The company is also contributing to efforts to ensure the British Army is neither out-fought nor out-thought on the battlefields of tomorrow. NSC was contracted by the Ministry of Defence to ensure the Centre for Historical Analysis and Conflict Research (CHACR) reached full operational capability by the end of 2015. Working alongside select partners from academia and industry, the training, simulation and consultancy specialist continues to provide technical and project management support to the think-tank, which is tasked with informing military doctrine and force development and becoming a hub for the generation of soldier-scholars.
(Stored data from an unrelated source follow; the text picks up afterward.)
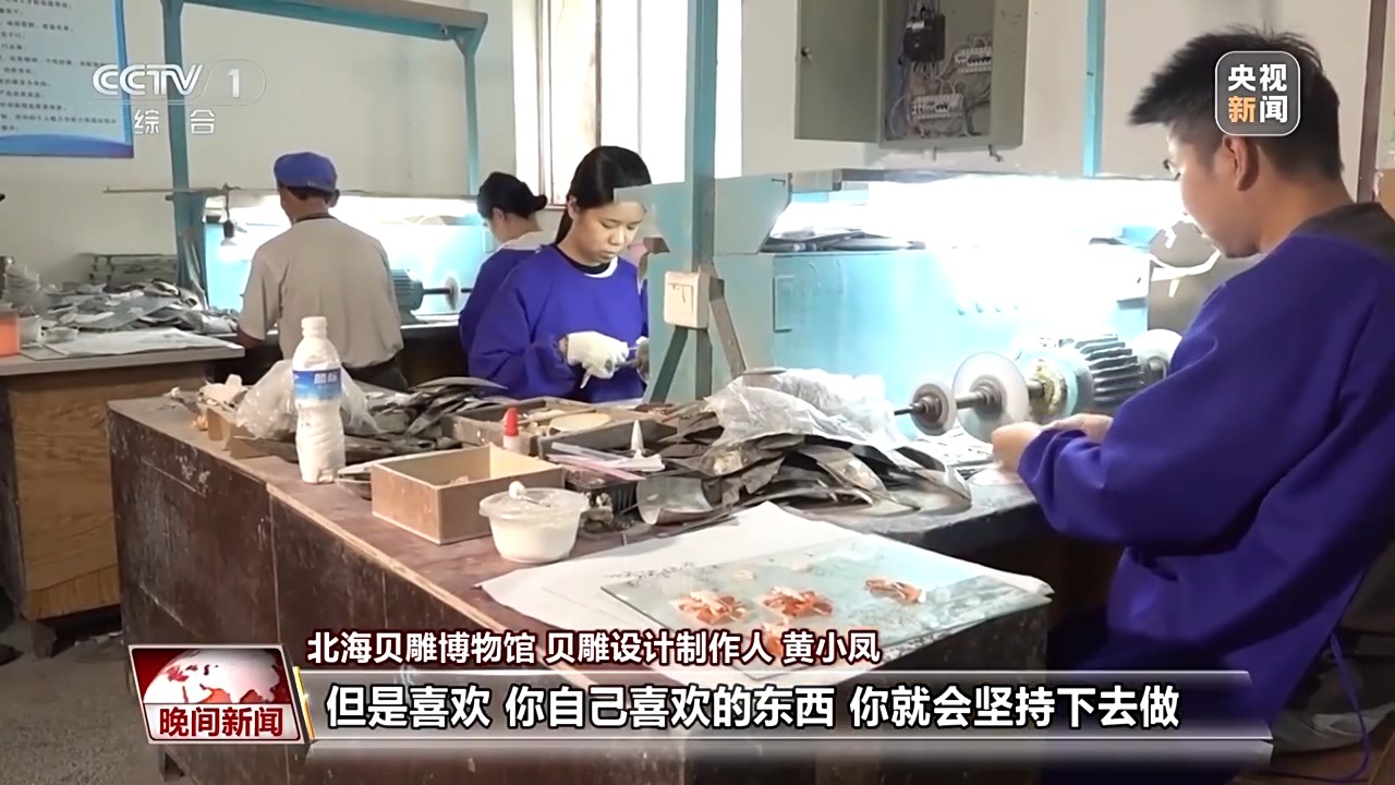 北海貝雕博物館貝雕設(shè)計(jì)制作人 黃小鳳:剛開(kāi)始的時(shí)候?qū)W的話也比較容易受傷,但是喜歡,你自己喜歡的東西,你就會(huì)堅(jiān)持下去做。
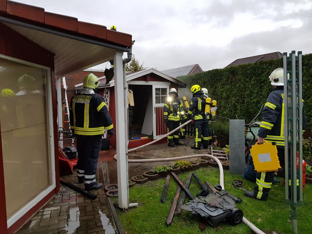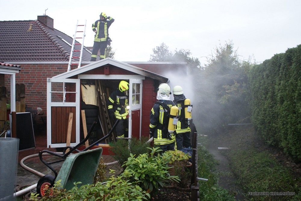 Am Samstagabend alarmierte die Kooperative Regionalleitstelle Ostfriesland um 18:21 Uhr die Freiwillige Feuerwehr Pewsum - Woltzeten sowie die Freiwillige Feuerwehr Canum - Freepsum mit dem Stichwort "Schuppenbrand" in die Woquarder Reihe in Pewsum.
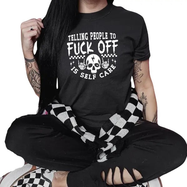 'Telling People to Fuck Off is Self Care' Long Sleeve Crewneck Sweatshirt, T Shirt, or Hoodie, Everyday Comfy Sarcastic & Offensive Shirt, Womenswear
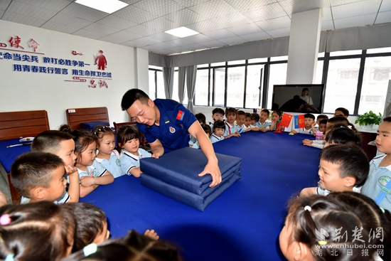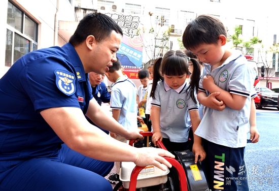 當(dāng)天上午,在黃石市政府機關(guān)幼兒園教師的帶領(lǐng)下,90余名小朋友走進華新路消防救援站,“零距離”體驗消防員工作生活、感受消防文化、學(xué)習(xí)消防知識。

Previously, NSC’s Joint Operations Command and Staff Training System (JOCASTS) helped the British Army to collectively prepare brigades and battlegroups for deployments to Iraq and Afghanistan, and its Joint Combat Operations Virtual Environment (JCOVE) – UBVT's predecessor – readied more than 16,000 British personnel for operations.

In 2013, NSC and Atkins were contracted by the UK Ministry of Defence to help develop and support a range of innovative computer-based instruction methods for the British Army’s Captains’ Warfare Course.

The company has also supported training exercises for NATO’s Allied Rapid Reaction Corps  and provided the UK’s Defence Science and Technology Laboratory with a synthetic environment in which to explore means of improving maritime marksmanship. More recently, NSC has provided analysts to the NATO Communication and Information Agency in support of work to identify the resources needed by the multinational organisation to meet its operational ambitions.

Neman and Spurr was bought by QinetiQ in 2020 for £14million.